Checks that a string value is in a valid US street address format, such as 123 Broadway.
SUFFIX

('Jr','Jr.', 'Sr', 'Sr.', 'II', 'III', 'IV')

Validates that a value contains a valid suffix after surnames, such as Jr., Sr., and II.
SYMBOL

^([A-Z]{1,4})(:|\\.|-){0,1}([A-Z]{1,1})$

Validates that a stock symbol contains 1-4 uppercase letters, an optional colon :, period ., or hyphen -, and 1 uppercase letter. For example, ABCD:E.
TIME HHMMSS

^(\\d\\d:\\d\\d:\\d\\d)

Time in a HHMMSS format, such as 23:59:59 or 08:30:00.
UK POSTAL CD

^[A-Z]{1,2}[0-9R][0-9A-Z]? [0-9][ABD-HJLNP-UW-Z]{2}$

Checks that a string value is in a valid UK postal code format.
URL

(http|https|www.|ftp)(www.)?[a-zA-Z0-9@:%._\\+~#?&//=]{2,256}\\.[a-z]{2,6}\\b([-a-zA-Z0-9@:%._\\+~#?&//=]*)
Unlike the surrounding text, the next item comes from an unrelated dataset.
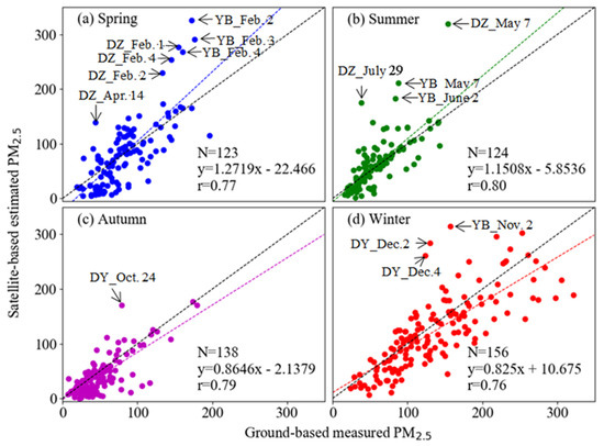 While in autumn and winter, the cold air has weak effect on the Sichuan Basin, aerosol particles from heavy local industrial emissions could not diffuse well, it explains the fitted slopes are less than 1.0 in Figure 13c,d. Additionally, there are substantial water vapors suspended in the air due to the fog in the autumn and winter morning, and thus large deviations between the evaluated and ground-level measured PM2.5 concentration were obtained in cases of DY_Oct_24, YB_Nov_2, DY_Dec_2 and DY_Dec_4.

Checks that a string value is in a valid website URL format.
VIN

^(?<wmi>[A-HJ-NPR-Z\\d]{3})(?<vds>[A-HJ-NPR-Z\\d]{5})(?<check>[\\dX])(?<vis>(?<year>[A-HJ-NPR-Z\\d])(?<plant>[A-HJ-NPR-Z\\d])(?<seq>[A-HJ-NPR-Z\\d]{6}))$

Checks if a value does not match a US Vehicle Identification Number format.
VISA

^(?<visa>4[0-9]{12}(?:[0-9]{3})?)$

Validates Visa credit card numbers.
ZIP CODE

^[0-9]{5}(?:-[0-9]{4})?$

Must have 5 digits between 0-9 and can have an additional 4 digits.